** Opening DATASET RECORDS block **

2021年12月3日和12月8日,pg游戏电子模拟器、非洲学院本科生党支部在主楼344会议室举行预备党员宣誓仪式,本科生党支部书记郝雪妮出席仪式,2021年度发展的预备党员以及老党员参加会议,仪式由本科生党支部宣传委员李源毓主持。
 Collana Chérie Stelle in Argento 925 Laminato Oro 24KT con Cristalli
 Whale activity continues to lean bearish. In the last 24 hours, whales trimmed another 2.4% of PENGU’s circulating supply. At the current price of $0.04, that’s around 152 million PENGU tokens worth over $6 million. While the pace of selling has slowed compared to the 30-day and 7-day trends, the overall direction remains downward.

** Closing DATASET RECORDS block **
** Opening DATASET RECORDS block **

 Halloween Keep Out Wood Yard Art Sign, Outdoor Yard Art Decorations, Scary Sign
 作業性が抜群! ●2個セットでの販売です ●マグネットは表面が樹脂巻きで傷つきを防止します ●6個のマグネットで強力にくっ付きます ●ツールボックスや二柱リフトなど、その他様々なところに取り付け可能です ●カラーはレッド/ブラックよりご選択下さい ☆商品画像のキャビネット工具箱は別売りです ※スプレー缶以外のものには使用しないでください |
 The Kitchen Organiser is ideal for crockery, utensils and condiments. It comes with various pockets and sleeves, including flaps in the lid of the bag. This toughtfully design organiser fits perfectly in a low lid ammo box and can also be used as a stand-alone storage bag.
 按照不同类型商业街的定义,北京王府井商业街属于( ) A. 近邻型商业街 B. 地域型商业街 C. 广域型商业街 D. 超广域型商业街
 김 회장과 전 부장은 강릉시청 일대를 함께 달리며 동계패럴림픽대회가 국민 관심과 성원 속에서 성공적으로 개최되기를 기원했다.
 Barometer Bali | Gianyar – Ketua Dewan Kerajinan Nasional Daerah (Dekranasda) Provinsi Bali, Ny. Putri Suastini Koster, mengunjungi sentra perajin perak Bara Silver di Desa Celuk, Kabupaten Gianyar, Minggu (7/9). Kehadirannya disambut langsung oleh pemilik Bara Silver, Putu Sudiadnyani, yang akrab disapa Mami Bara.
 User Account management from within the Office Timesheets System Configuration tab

** Closing DATASET RECORDS block **

**TASK BRIEF:**
Repeat exactly the lines of the listing above, from the one with "2021年12月3日和12月" down to the one with "Whale activity continues"; both of those lines belong in the range.

**TASK RESULT:**
2021年12月3日和12月8日,pg游戏电子模拟器、非洲学院本科生党支部在主楼344会议室举行预备党员宣誓仪式,本科生党支部书记郝雪妮出席仪式,2021年度发展的预备党员以及老党员参加会议,仪式由本科生党支部宣传委员李源毓主持。
 Collana Chérie Stelle in Argento 925 Laminato Oro 24KT con Cristalli
 Whale activity continues to lean bearish. In the last 24 hours, whales trimmed another 2.4% of PENGU’s circulating supply. At the current price of $0.04, that’s around 152 million PENGU tokens worth over $6 million. While the pace of selling has slowed compared to the 30-day and 7-day trends, the overall direction remains downward.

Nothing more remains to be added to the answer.